Say that we have been asked to start an instance of Paint-3.
This instance needs a restricted UID, an instance-specific GID, an activity-version specific GID, and perhaps some GIDs to access devices.
We need to acquire all these resources atomically with regard to other activity launches. Since we will be allocating these resources from reserved ranges, we are not overly concerned about contention from other sources (though we will endeavor to detect it).
We run some risk of racing with other processes that are manipulating /etc/passwd and /etc/group, but I don't know what we can do about this given the fundamentally non-composable access patterns that those files and the tools for manipulating them require.
Primitive Operations
We need two primitive operations:
- don't-care-reservation - we need to atomically reserve a value from a finite but we don't care what value is chosen - we only care that no-one else will reserve the same value.
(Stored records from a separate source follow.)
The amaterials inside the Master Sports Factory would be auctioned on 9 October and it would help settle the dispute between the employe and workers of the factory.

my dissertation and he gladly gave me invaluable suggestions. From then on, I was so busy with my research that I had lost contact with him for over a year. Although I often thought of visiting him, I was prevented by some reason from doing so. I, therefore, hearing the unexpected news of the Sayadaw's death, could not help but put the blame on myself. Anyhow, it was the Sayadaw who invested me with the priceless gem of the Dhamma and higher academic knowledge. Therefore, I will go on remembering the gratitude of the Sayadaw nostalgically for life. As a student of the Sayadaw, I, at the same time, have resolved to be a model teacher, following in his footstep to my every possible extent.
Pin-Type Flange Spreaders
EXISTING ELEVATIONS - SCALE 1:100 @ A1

- This can be implemented by repeatedly attempting to open files O_CREAT | O_EXCL in a reservation-dir for as long as we believe that an unreserved value exists. Efficient implementations exist for choosing small integers.
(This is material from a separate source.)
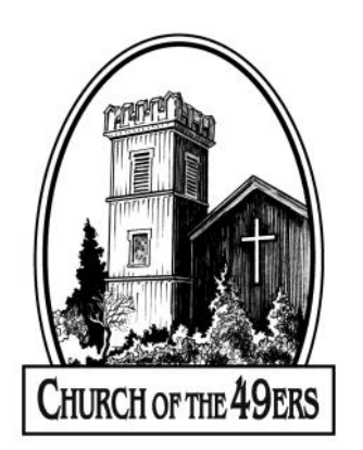
First Presbyterian Church 11155 Jackson Street Columbia, CA 95310

April 28, 2:00 pm: Women's Bible Study in CE Room 3

- first-customer-chooses - we need to define a value for a well-known name but don't care what value is chosen - we only care that everyone agrees on the choice that was made.
- This can be implemented by having each actor atomically reserve a value they like and then having them attempt to make a symlink at a well-known name in a reservation dir pointing to their chosen value-reservation. Actors who fail to write their symlink are guaranteed to be able to learn the value of the choice by reading the symlink that prevented their write.
Since no one cares what uid or what instance-specific gid we pick, don't-care-reservation is adequate to pick these values.
We can pick the activity-version specific and device-specific gids with the first-customer-chooses' pattern.
Once these values are picked, reverse indices can be created for client programs that would benefit from increased ease of access.
Filesystem Design and Resource Usage
UIDs SHALL be reserved in the range [10000, 60000]. GIDs SHALL be reserved in the range [10000, 60000].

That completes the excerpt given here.